Fort Carson CYSS staffer eases transition for Families leaving Japan
FORT CARSON, Colo. -- Toshi Smith sits with Aiden Britting, 2, inside an inflatable play area at the Signature Flight Support center at the Denver International Airport. Smith, an employee with the Fort Carson Child, Youth and School Services helped take care of several children displaced by the disasters in Japan.

FORT CARSON, Colo. -- When Aiden Britting, 2, woke up from his nap at the Signature Flight Support center at the Denver International Airport, he didn't know where he was.
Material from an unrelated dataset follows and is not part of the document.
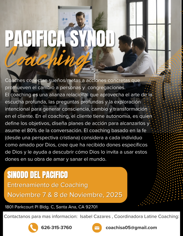 The Pacifica Synod is excited to be offering coaching training and resources to the Spanish-speaking members of your congregation. We will be hosting a two-day training workshop November 7-8 at the Synod offices. Registration information will be available soon, so save the date and keep your eyes peeled for more information!

One of hundreds of displaced military Family members coming back from Japan after the earthquake and tsunami, Aiden knew he only wanted one thing: his mom.
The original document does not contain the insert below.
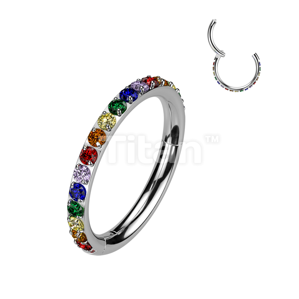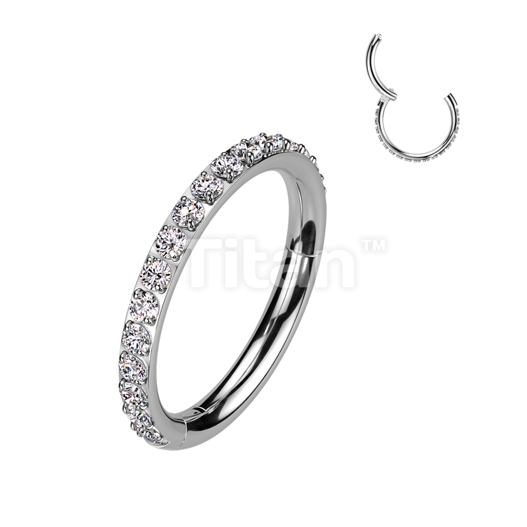 Implant Grade Titanium Hinged Segment Hoop Ring With Outward Facing Pave CNC Set CZ

Toshi Smith, an employee with the Fort Carson Child, Youth and School Services and one of 60 members from the Mountain Post aiding in Operation Pacific Passage, heard Aiden's cries and escorted the toddler to his mother who was filling out paperwork. After standing in line with his mother for a few seconds, Aiden decided to stay with Smith.

"When children cry, I go up and talk to them and they stop," said Smith, who has worked with children for more than 30 years. "All the children I take care of as if they are my own."

Aiden held Smith's hand as she took him to get juice and cookies at the USO tables. Then the two headed to the inflatable play area where Smith helped Aiden take off his tennis shoes. After she helped the toddler inside, Smith climbed in after him.

At 4 feet, 5 inches, Smith isn't much taller than the children jumping around her. She sat with Aiden, who smiled as the two were bounced by the other children.

"She's not even supposed to be in the 'bouncy thing,'" said Susan Silva, an administrator at CYSS. "She just had surgery on her knee."

Silva sighed as she watched Smith bounce. "She always puts the kids first," she said.
A native of Okinawa, Japan, Smith said that when she heard the news of the earthquake and tsunami, she was heartbroken.

"The first thing I said was, 'Oh no,'" Smith said. "I called my family, everybody I knew."
Smith said her immediate family survived the devastation but she still felt the loss and pain for her country.

"I am Japanese," Smith said. "(The victims) are family. I wish I could go over there and help them. But I can help here."

Smith joined more than 60 Soldiers and government employees from Fort Carson to help the hundreds of military Families whose homes were threatened by the ongoing events in Japan. For five days, staff and Soldiers from Fort Carson traveled to Denver to help where needed.

And Smith was there too, rocking infants to sleep and playing ball with the older children.

"I know over a thousand children," Smith said. "Children are God's present."